In some strange way it was a final token to consider, another dimension of the desire I thought I knew to be ferocious and insatiable; grasping and selfish; ravenous and angry. Perhaps it could metabolize into something new, like how this desire became generous.
She watches, serene, while the other mother eats her fill. Maybe someday she will return the favor. Maybe not.
But on those golden feral foothills, Petacca pulled up a new seat for desire, so that everyone could feast.
My desire is a ribboned red carpet, leading somewhere open and strange. My desire throws me in her backseat, adjusts her sunglasses, and says relax- we’re going to the beach.
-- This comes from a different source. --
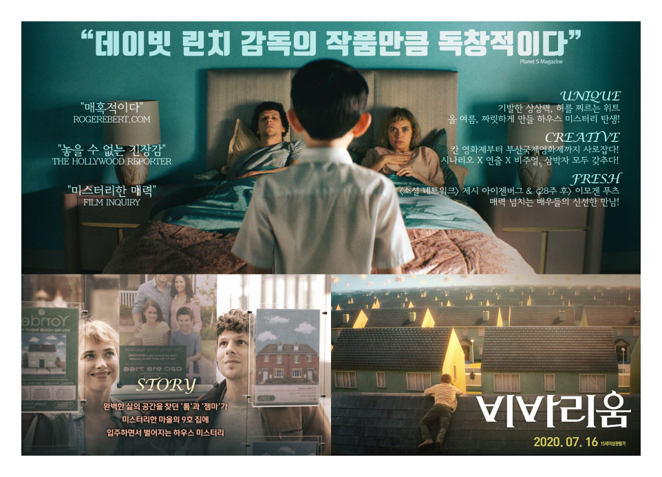 영화의 홍보 문구는 굉장히 특이합니다. 바로 "어떤 방향으로 향해도 집 앞에 다다르는 이곳에서 우리의 선택은 없다, 오직 살아갈뿐! 가장 완벽한 안식처가 되어줄 거에요, 영원히" 입니다. 처음에는 영화랑 별다른 접점이 없다고 생각했지만, 영화를 다 보면 공포감과 기괴함을 느낄 수 있는 문구입니다. 마치 현대인의 인생이 진짜 행복한지 시험해 보는 것 같은 느낌의 문구이기 때문이죠.

My desire pushes at the seams of my construction, my beliefs, my life - like kids jumping into the corners of a bouncy castle – waiting for something to bust open, so she can look at me smugly and say See? There is more here for you to explore; this part of you can be bigger. My desire is a loose parakeet making a delightful mess. My desire worships unseen possibility.
My desire sends me on last-minute trips to the desert to see the sunset hit red rocks. My desire dates an improbable hippie drifter who teaches me betrayal and his mother’s enchilada recipe. My desire devours words, swallows, and waits strategically for a delicious sentence to materialize. My desire finds the best view of the mountains. My desire craves ripe pears on the 95th day of lockdown.
My desire feeds me.
My desire dares me to feast.
Thank you for reading Reminders for Humans. This was a long, twisty one and I’m still not sure if it made sense the way I wanted it to. But if you take nothing else from this, please go watch that NatGeo series and feel small and grateful to be alive on a planet where there are pumas and puma cubs and moony guanaco and sweet furry dogs that keep everyone in line.